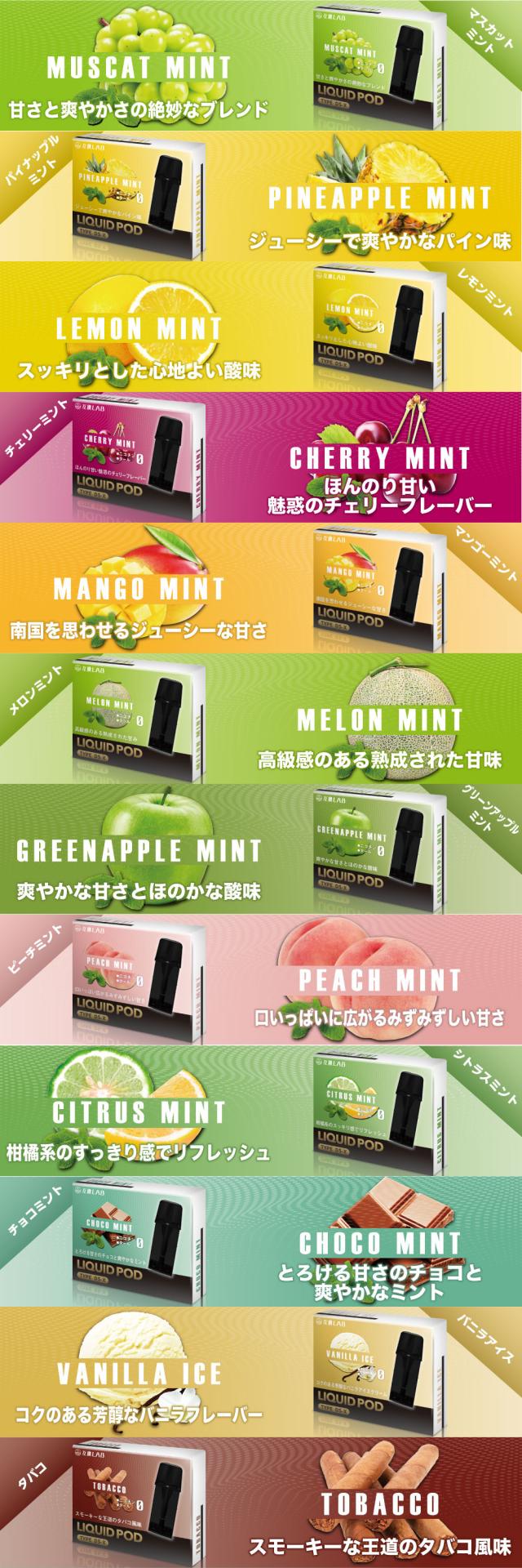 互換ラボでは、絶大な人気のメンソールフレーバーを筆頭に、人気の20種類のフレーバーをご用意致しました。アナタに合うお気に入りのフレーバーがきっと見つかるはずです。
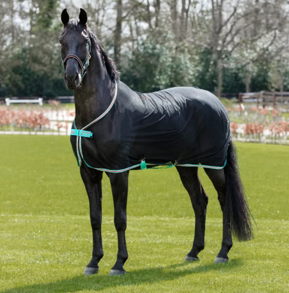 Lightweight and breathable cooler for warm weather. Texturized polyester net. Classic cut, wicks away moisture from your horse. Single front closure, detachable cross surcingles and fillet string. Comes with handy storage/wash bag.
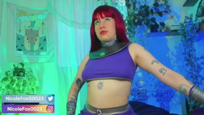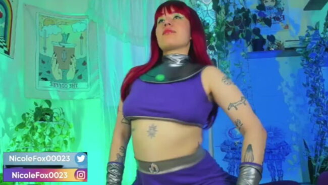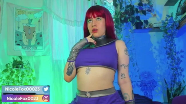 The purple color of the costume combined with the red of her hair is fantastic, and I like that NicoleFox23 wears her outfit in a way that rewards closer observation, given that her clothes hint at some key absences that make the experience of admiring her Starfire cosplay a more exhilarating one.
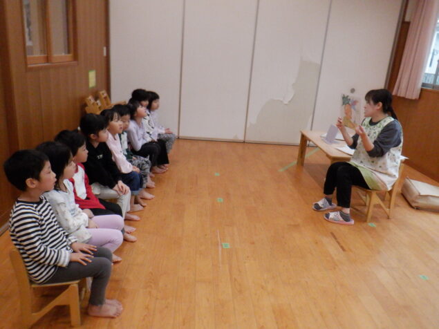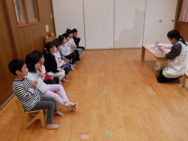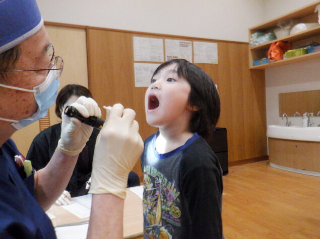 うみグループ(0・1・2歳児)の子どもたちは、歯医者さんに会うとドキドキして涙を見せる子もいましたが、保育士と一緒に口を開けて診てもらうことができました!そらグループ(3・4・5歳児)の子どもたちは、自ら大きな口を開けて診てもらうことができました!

^^^^^^^^^^^^^^^^

> _THE TASK_: Would you retype every line shown above exactly, leaving the pictures aside?

> _COMPLETED EXERCISE_:
 互換ラボでは、絶大な人気のメンソールフレーバーを筆頭に、人気の20種類のフレーバーをご用意致しました。アナタに合うお気に入りのフレーバーがきっと見つかるはずです。
 Lightweight and breathable cooler for warm weather. Texturized polyester net. Classic cut, wicks away moisture from your horse. Single front closure, detachable cross surcingles and fillet string. Comes with handy storage/wash bag.
 The purple color of the costume combined with the red of her hair is fantastic, and I like that NicoleFox23 wears her outfit in a way that rewards closer observation, given that her clothes hint at some key absences that make the experience of admiring her Starfire cosplay a more exhilarating one.
 うみグループ(0・1・2歳児)の子どもたちは、歯医者さんに会うとドキドキして涙を見せる子もいましたが、保育士と一緒に口を開けて診てもらうことができました!そらグループ(3・4・5歳児)の子どもたちは、自ら大きな口を開けて診てもらうことができました!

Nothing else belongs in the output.